If there were a reference site with a wind speed of 0 meters per second, we would predict the average wind speed of the corresponding candidate sites to be 3.1412 meter per second.
#### 16. What is the average wind speed at the candidate site (CSpd) when the wind speed at the reference site (RSpd) is 12 m/s? Show your code, and print the result.
```{r}
predict(model, tibble(RSpd = 12))
```
#### 17. Briefly explain why it would be wrong to answer this question: What is the average wind speed at the candidate site (CSpd) when the wind speed at the reference site (RSpd) is 25 m/s?
Our regression model did not go that high and we have no idea if the model is accurate beyond the data that we used.
#### 18. Calculate the MSE, or the average squared variability of the residuals around the line. Show your code, and print the result.
```{r}
sum(wind$resid^2) / model$df.residual
```
#### 19. Briefly summarize what you learned, personally, from this analysis about the statistics, model fitting process, etc.
I knew nearly everything in this analysis already, however, I did not know about the assumptions of linear regression, namely that the data is independent and normally distributed with a uniform standard deviation.
#### 20. Briefly summarize what you learned from this analysis *to a non-statistician*. Write a few sentences about (1) the purpose of this data set and analysis and (2) what you learned about this data set from your analysis. Write your response as if you were addressing a business manager (avoid using statistics jargon) and just provide the main take-aways.

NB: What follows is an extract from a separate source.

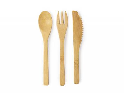 These custom printed eco cutlery sets are an environmentally friendly wooden cutlery set made of bamboo which is presented in a cotton drawstring bag. The set includes a knife, s fork and a spoon. This cutlery set is an environmentally conscious alternative to single use plastic cutlery and is a great way to send a positive message. Bamboo is a natural material which produces unavoidable variances in the grain pattern, colour and branding.

The purpose of this analysis was to determine an effective way to predict wind speed at a candidate site to receive a windmill given wind speed data from a nearby reference site. A brief perusal of the data allowed us to determine that wind speed at a candidate site could be easily predicted by a simple formula. We determined that as average wind speed of a reference site increases, the average wind seed of a candidate site increases by about 75% of the increase of the reference site. We have yet to do an in-depth analysis of the precision of this prediction.